| Required action |
From the first line to the last, copy the material exactly and leave the pictures out.

________________________________________

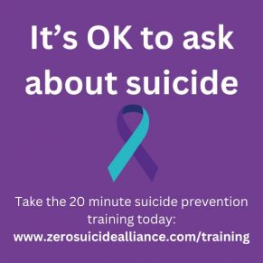 A great action that anyone can do is to take 20 minutes to complete the Zero Suicide Alliance training. Anyone can learn to have a lifesaving conversation and this short training aims to give you the skills and confidence to help someone who may be considering suicide.
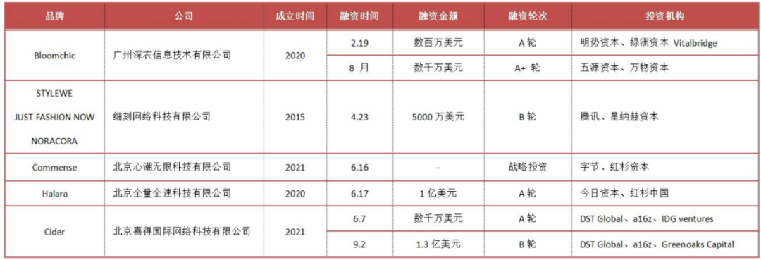 2021 年获得融资的女装快时尚品牌
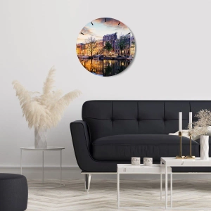 - Cette horloge murale présente une vue pittoresque d'immeubles et du canal au coucher du soleil. Une élégante touche décorative pour les intérieurs modernes.
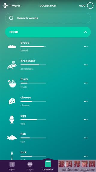 6、Dojo是利用最优的学习方法练习单词的训练营,学习一定数量的单词后即可解锁。
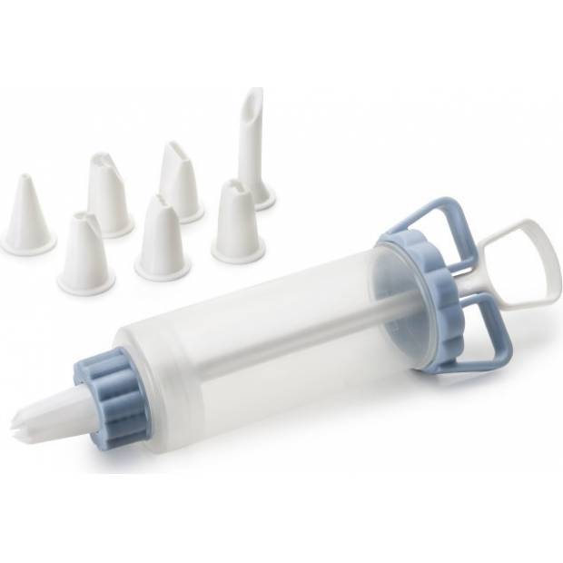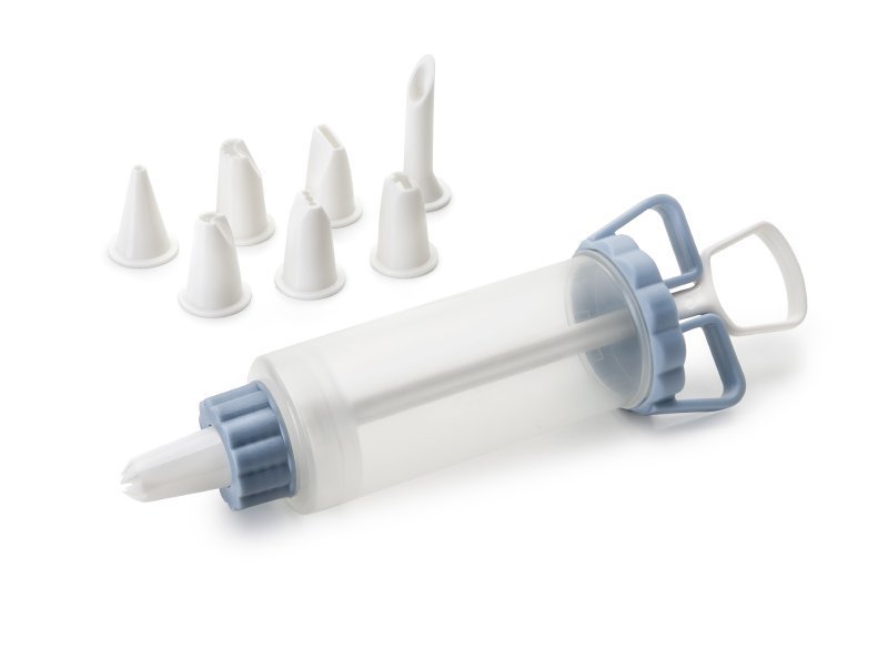 Die Verzierungspistole ist aus Kunststoff gefertigt und mit einer Spitze versehen, mit der Sie Krümel oder Glasur stets mühelos und präzise ausdrücken können. Die einzelnen Verzierungsspitzen werden auf die Pistole aufgeschraubt, sodass Sie sie während des Dekorierens wechseln können. Die Länge der Pistole beträgt 18 cm.
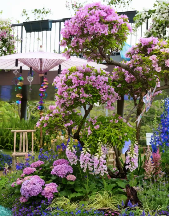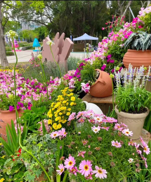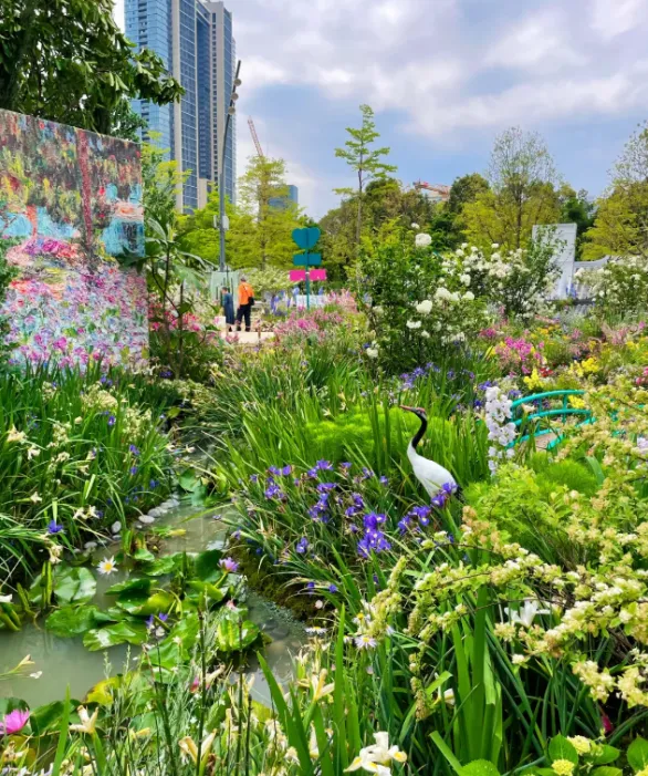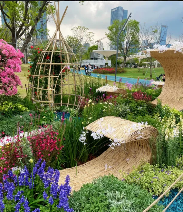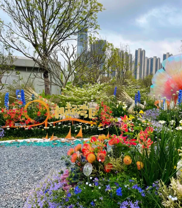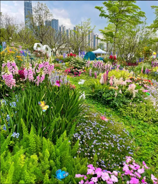 园区打造30 余座精品花园,分为大师园、湾区花园、城市花园、鲜花市集四大区域,一步一景、一园一韵。既有国际园艺的精巧设计,也有湾区人文的融合共生,山林绿意与鸢尾花海相映,城市建筑与自然生态无缝衔接,完美诠释 “优雅开放、融合共生” 的内核。

________________________________________

| Answer |
 A great action that anyone can do is to take 20 minutes to complete the Zero Suicide Alliance training. Anyone can learn to have a lifesaving conversation and this short training aims to give you the skills and confidence to help someone who may be considering suicide.
 2021 年获得融资的女装快时尚品牌
 - Cette horloge murale présente une vue pittoresque d'immeubles et du canal au coucher du soleil. Une élégante touche décorative pour les intérieurs modernes.
 6、Dojo是利用最优的学习方法练习单词的训练营,学习一定数量的单词后即可解锁。
 Die Verzierungspistole ist aus Kunststoff gefertigt und mit einer Spitze versehen, mit der Sie Krümel oder Glasur stets mühelos und präzise ausdrücken können. Die einzelnen Verzierungsspitzen werden auf die Pistole aufgeschraubt, sodass Sie sie während des Dekorierens wechseln können. Die Länge der Pistole beträgt 18 cm.
 园区打造30 余座精品花园,分为大师园、湾区花园、城市花园、鲜花市集四大区域,一步一景、一园一韵。既有国际园艺的精巧设计,也有湾区人文的融合共生,山林绿意与鸢尾花海相映,城市建筑与自然生态无缝衔接,完美诠释 “优雅开放、融合共生” 的内核。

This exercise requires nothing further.